L'uomo li snocciolò uno dietro l'altro. Poi ci fornì una notizia importante: «Il Maestro parte per il Giappone tra una settimana». «Grazie dell'informazione» dissi. «Lasciatemi andare in ospedale». «Aspetta, prima ti canto una canzoncina» annunciò il milanese. «Cosa?» balbettò Giachino. «Solo una strofa, vedrai che ti piacerà». Il re del Portogallo volea ballar la samba Ma a noi che siamo in gamba Ridere ci fa. «Che cazzo significa?» chiese l'operatore. «Davvero non l'hai capito?» domandò Rossini in tono ironico. «No». «Non ha importanza» disse il mio socio prima di tirare il grilletto. Tornammo a Torino e raccogliemmo Max davanti al portone della casa di Donatella Morganti. «Ragazzi, che palle quella donna» sbottò appena salito. «Non faceva altro che chiedermi quando me ne sarei andato». «Cosa ti ha raccontato della sua marchetta?» domandai. «Il tizio si è divertito a legarla e poi l'ha scopata. E voi siete riusciti a seguire il biondo?».
Raccontai a Max quanto era successo dopo che l'avevamo lasciato a Torino. «Siete stati troppo precipitosi» sbuffò. «La morte di questo tale metterà in allarme la banda». Ero d'accordo. L'avevo ripetuto a Beniamino fino alla nausea durante il viaggio. «L'importante adesso è beccare il Maestro di Nodi» ribatté il milanese. «Gli altri li conosciamo e mi occuperò di loro a tempo debito». «Se Chiarenza anticipa la partenza siamo fottuti». «D'altronde questo non potevamo prevederlo» si difese Rossini. «Di' piuttosto che non vedevi l'ora di farne fuori qualcuno» sbottai. Il vecchio gangster mi guardò storto. Lo mandai al diavolo. «Perché non andiamo adesso a fargli una visitina?» propose il ciccione. «Il cadavere non è stato ancora scoperto». «Mi sono disfatto della pistola» spiegò Beniamino. «Non potevo mica andare in giro con un'arma fresca di ammazzamento. E poi per affrontare uno come il Maestro voglio qualcosa di più pesante». «Che vuoi dire?». «Quello è una cintura nera. E io non sono più un ragazzino. Voglio usare un'arma che non mi costringa ad avvicinarmi troppo e lo faccia fuori al primo colpo». «Hai visto troppi film di Bruce Lee» lo canzonò Max.

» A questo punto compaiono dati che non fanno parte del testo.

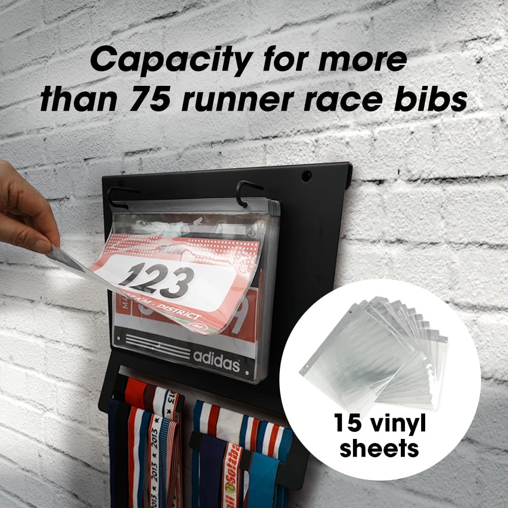 [Large Capacity for Bibs and Medals] Includes 15 bib sleeves, each fitting at least 5 bibs, for a total capacity of up to 75 race bibs. The sturdy hooks can display over 40 medals, keeping your achievements neatly organized.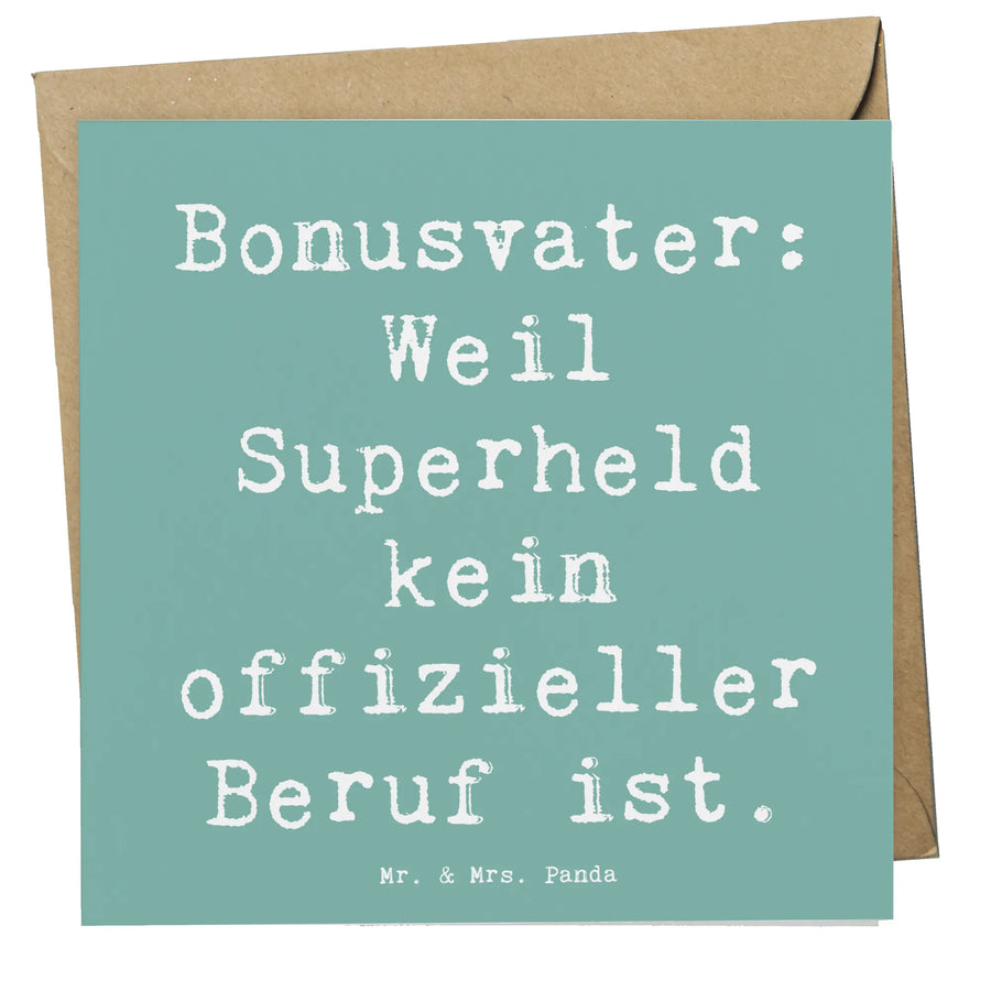 Die Deluxe Karte "Bonusvater: Weil Superheld kein offizieller Beruf ist" von Mr. & Mrs. Panda ist das perfekte Geschenk für all jene, die einen Bonusvater in ihrem Leben haben. Diese wunderschöne und besonders hochwertige quadratische Karte besticht mit einem charmanten Design, das nicht nur das besondere Band zwischen Stiefvater und Stiefkindern feiert, sondern auch die vielen Gemeinsamkeiten, die sie verbinden. Wenn Du einem besonderen Menschen danken, gratulieren oder einfach nur Deine Wertschätzung zeigen möchtest, ist diese Grußkarte die ideale Wahl.

«Ti ricordi dell'olandese?» mi domandò Rossini. Erano anni che non pensavo a lui. Come a tanti altri conosciuti in galera. Era finito dentro per aver ammazzato la moglie durante una vacanza in Italia. Anche lui era un esperto di arti marziali. Un giorno aveva litigato con un vice brigadiere. Quello era tornato con la squadretta e l'olandese li aveva massacrati di botte. Poi era tornato tranquillamente in cella. Per stanarlo avevano usato i lacrimogeni e gli avevano fatto un Sant'Antonio che l'aveva fatto restare in ospedale per un mese. Il sole era già alto quando arrivammo a Padova. Il milanese ci salutò dandoci appuntamento per il pomeriggio. Giusto il tempo per recuperare "l'attrezzatura" e un po' di sonno. Ma alle sette di sera non si era ancora fatto vedere. Preoccupato telefonai a Sylvie che mi avvertì che gli sbirri l'avevano prelevato non appena giunto a casa. Pare che l'aspettassero dalle cinque del mattino. Rimasi immobile per alcuni minuti. La notizia mi aveva sconvolto. Beniamino era come un fratello e saperlo in mano alla polizia mi fece sprofondare nella disperazione più nera. Strinsi forte nella mano l'accendino che mi aveva regalato. Mi venne da piangere e con gli occhi gonfi di lacrime bussai alla porta di Max. «Hanno arrestato il vecchio Rossini». Anche Max la prese male e fece fatica a riprendersi. «Non è possibile che l'abbiano ricollegato al delitto di ieri notte» disse dopo un lungo silenzio.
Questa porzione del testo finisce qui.